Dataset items
Segment Open

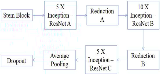 Inception ResNet-v2 basically uses the inception architecture combined with the residual connections from the ResNet network. The major improvement from the traditional model is the addition of a filter expansion layer to scale up the dimensionality of the filter bank before the addition to match the depth of input. The network has a total of 164 layers, as shown in Figure 7, redrawn from [39], and can classify the images in up to 1000 different categories, in the same way as the VGG-16 and ResNet-50. The input size of this network is 299 × 299 and the output is a list of estimated class probabilities.
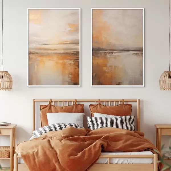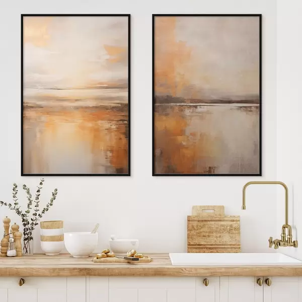 Poster Een abstract schilderij van een strandlandschap met een kalme oceaan, oranje zand en een bewolkte lucht met zon N° d00653
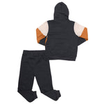 Outfit casual y moderno para bebé niño. La sudadera de felpa con bloques de color en marfil, mostaza y negro, y estampado frontal con número deportivo, se combina perfectamente con el pantalón negro de cintura elástica. Ideal para días frescos, paseos o reuniones informales con estilo.
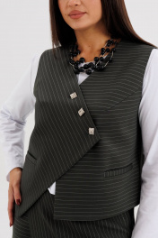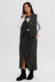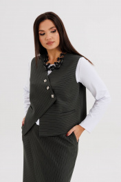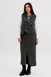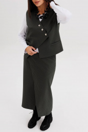 Стильный женский костюм в полоску — идеальное сочетание элегантности и современного минимализма. Комплект состоит из жилета оригинального кроя с асимметричной застёжкой, прямой юбки миди с мягким запахом и джемпера с длинным рукавом. Модель выполнена из плотной трикотажной ткани с тонкой вертикальной полоской, которая визуально вытягивает силуэт и подчёркивает стройность. Жилет без рукавов застёгивается на декоративные пуговицы, создавая выразительный акцент в образе. Юбка миди с запахом добавляет женственности и комфорта при движении. Джемпер трикотажный, с длинным рукавом, полуприлегающего силуэта. Костюм легко комбинируется с базовыми лонгсливами, водолазками или блузками, подходит для офиса, деловых встреч и городских образов. Особенности модели: Комплект: жилет + юбка миди, джемпер. Принт: тонкая вертикальная полоска Асимметричная застёжка на пуговицы Прямой крой и лаконичный дизайн Комфортная посадка и универсальный стиль
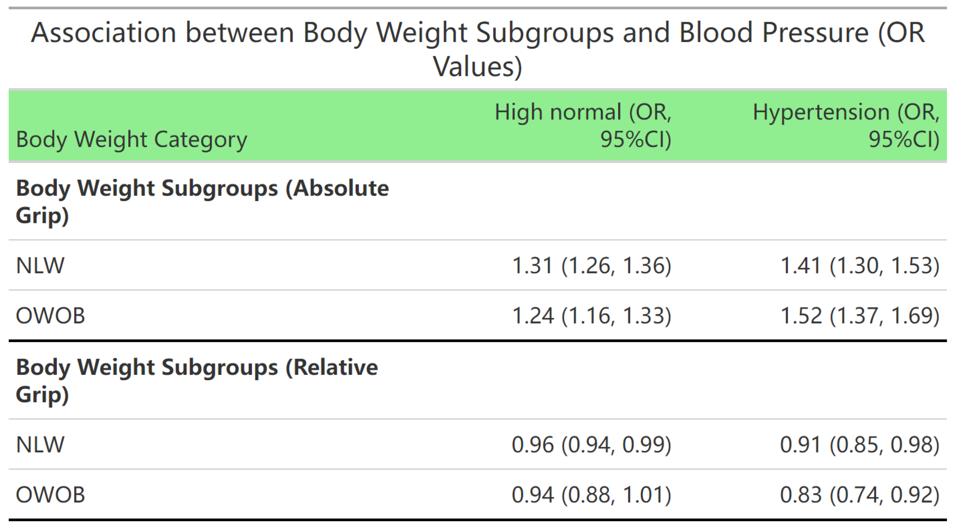 - Chon, D.; Shin, J.; Kim, J.H. Consideration of body mass index (BMI) in the association between hand grip strength and hypertension: Korean Longitudinal Study of Ageing (KLoSA). PLoS ONE 2020, 15, e0241360. [Google Scholar] [CrossRef]
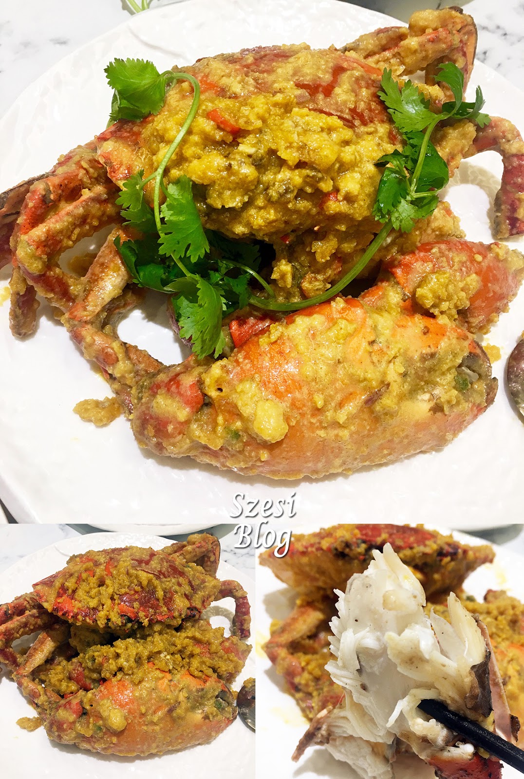 愛吃咸蛋黃的我,非常愛這道菜。吃蟹前先吃黃金醬,流沙般的咸黃很濃郁香味,真是用來拌飯也很幸福。現時咸蛋黃滿佈蟹身上,已經令我垂涎三尺!
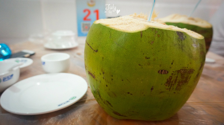 买完海鲜,让门口砍椰子的大姐帮忙挑了一个号称整框里最甜的一个。
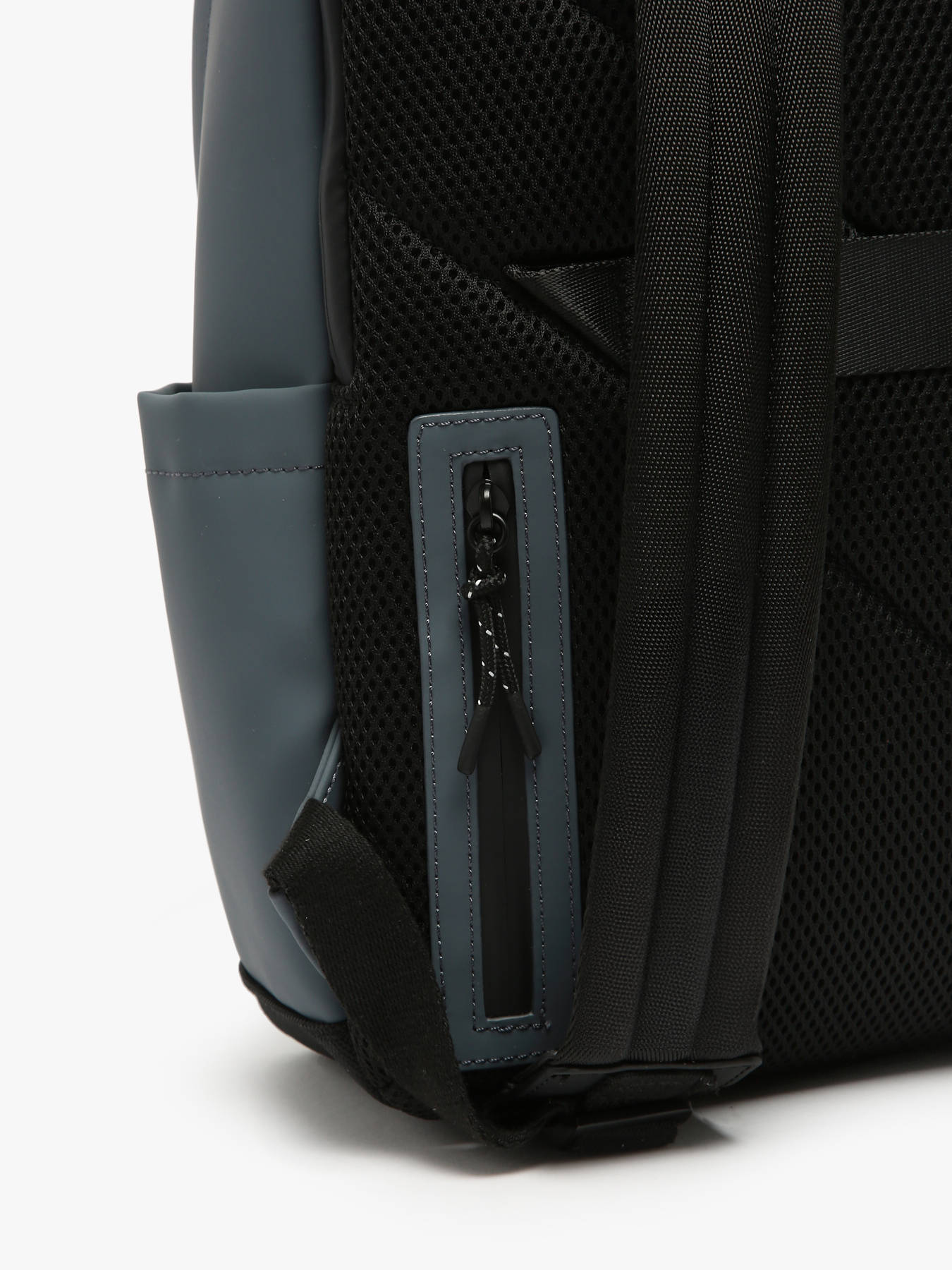 Ce sac à dos business de la ligne Impulsion, en polyuréthane imperméable, combine élégance et praticité. Il arbore un logo en relief ton sur ton et dispose d’un passant de poignée télescopique. Il comprend deux poches avant, une poche arrière, et à l’intérieur, il est divisé en deux compartiments avec trois poches simples, une poche éclair et une poche renforcée pour un ordinateur 15"".
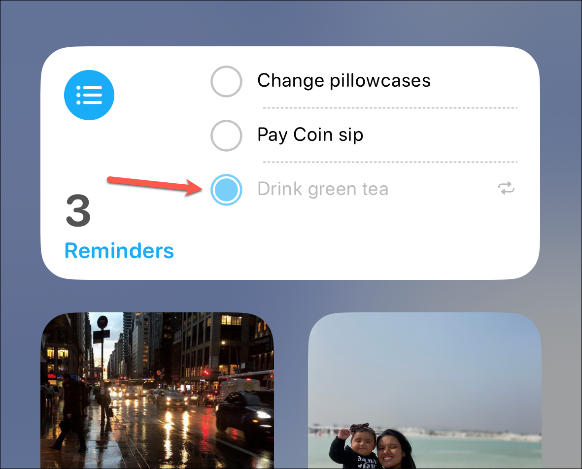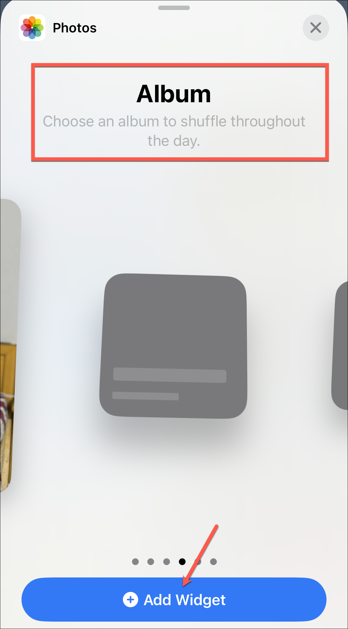Photos album widget. Now you can choose a particular album from your Photos app to display it in the Photos widget.

Segment Closed

WHAT TO WORK ON: Retype the records exactly, but skip the pictures.

ANSWER TO THE EXERCISE:
 Inception ResNet-v2 basically uses the inception architecture combined with the residual connections from the ResNet network. The major improvement from the traditional model is the addition of a filter expansion layer to scale up the dimensionality of the filter bank before the addition to match the depth of input. The network has a total of 164 layers, as shown in Figure 7, redrawn from [39], and can classify the images in up to 1000 different categories, in the same way as the VGG-16 and ResNet-50. The input size of this network is 299 × 299 and the output is a list of estimated class probabilities.
 Poster Een abstract schilderij van een strandlandschap met een kalme oceaan, oranje zand en een bewolkte lucht met zon N° d00653
 Outfit casual y moderno para bebé niño. La sudadera de felpa con bloques de color en marfil, mostaza y negro, y estampado frontal con número deportivo, se combina perfectamente con el pantalón negro de cintura elástica. Ideal para días frescos, paseos o reuniones informales con estilo.
 Стильный женский костюм в полоску — идеальное сочетание элегантности и современного минимализма. Комплект состоит из жилета оригинального кроя с асимметричной застёжкой, прямой юбки миди с мягким запахом и джемпера с длинным рукавом. Модель выполнена из плотной трикотажной ткани с тонкой вертикальной полоской, которая визуально вытягивает силуэт и подчёркивает стройность. Жилет без рукавов застёгивается на декоративные пуговицы, создавая выразительный акцент в образе. Юбка миди с запахом добавляет женственности и комфорта при движении. Джемпер трикотажный, с длинным рукавом, полуприлегающего силуэта. Костюм легко комбинируется с базовыми лонгсливами, водолазками или блузками, подходит для офиса, деловых встреч и городских образов. Особенности модели: Комплект: жилет + юбка миди, джемпер. Принт: тонкая вертикальная полоска Асимметричная застёжка на пуговицы Прямой крой и лаконичный дизайн Комфортная посадка и универсальный стиль
 - Chon, D.; Shin, J.; Kim, J.H. Consideration of body mass index (BMI) in the association between hand grip strength and hypertension: Korean Longitudinal Study of Ageing (KLoSA). PLoS ONE 2020, 15, e0241360. [Google Scholar] [CrossRef]
 愛吃咸蛋黃的我,非常愛這道菜。吃蟹前先吃黃金醬,流沙般的咸黃很濃郁香味,真是用來拌飯也很幸福。現時咸蛋黃滿佈蟹身上,已經令我垂涎三尺!
 买完海鲜,让门口砍椰子的大姐帮忙挑了一个号称整框里最甜的一个。
 Ce sac à dos business de la ligne Impulsion, en polyuréthane imperméable, combine élégance et praticité. Il arbore un logo en relief ton sur ton et dispose d’un passant de poignée télescopique. Il comprend deux poches avant, une poche arrière, et à l’intérieur, il est divisé en deux compartiments avec trois poches simples, une poche éclair et une poche renforcée pour un ordinateur 15"".
Photos album widget. Now you can choose a particular album from your Photos app to display it in the Photos widget.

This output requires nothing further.